The Best (and Worst) Actually Funny Dad Jokes 👋

Get ready to laugh out loud with our collection of actually funny dad jokes! This category features the best dad jokes that aren’t just cheesy, but genuinely hilarious. Perfect for those who appreciate quick wit and clever punchlines, these jokes are guaranteed to bring a smile to anyone’s face. Whether you’re looking for a playful way to break the ice or just need a good laugh, our actually funny dad jokes will hit the mark every time. Explore the funniest dad jokes that are guaranteed to make your friends and family chuckle!
What did the calculator say to the pencil? You can count on me.
Lately I've been getting turned on every time I see someone cut in two on my tv shows So yeah I guess I'm bisectual
I've been seeing a light bulb sales girl lately... Her name is Ellie DeeShe really lights up my life
What do you call a bear with no teeth? A gummy bear (yes i know my sense of humour is great)
I've been cheating on my girlfriend with her twin, but it's OK because I can tell them apart. Brian has a moustache.
A year ago,I tried to network around and create a group of guys with similar taste and do activities together. For some reason, the prosecuting lawyer and media keep mentioning it as a ring.

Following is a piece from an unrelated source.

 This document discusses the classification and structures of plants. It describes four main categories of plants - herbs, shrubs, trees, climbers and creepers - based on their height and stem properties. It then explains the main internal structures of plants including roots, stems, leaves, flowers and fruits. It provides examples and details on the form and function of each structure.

I was on a plane recently and the flight attendant was doing the safety announcement 'In the event of an emergency please put your head between your knees" and a voice at the back of the plane shouted out.. " If I could do that I wouldn't be flying to Thailand"....
Why is Robert Palmer bad at tennis? He's addicted to love
My 10 y.o. son cracked this joke on the driving range today. I sliced the hell out of the ball. My son watched it land, turned to me and said, "that ball was like Star Trek Voyager ... way off course."
A couple is watching TV together... ...and the man keeps switching channels back and forth between golf and porn over and over again.Finally, his partner says "Jesus Christ,can you stop doing that please? Just leave it on porn! You already know how to play golf."
iPhone 8 should have no charging port. So you can use it only once.
Where do amputees get prosthetics on a budget? The Secondhand store.
I read that a banana a day helps to keep your colon clean... I just wish they'd told me I was supposed to eat them...
Recently, I discovered my fetish for self discovery. I just came to that conclusion!
For every Dollar a man makes a woman makes 70 cents. That's really unfair. That only leaves the man with 30c.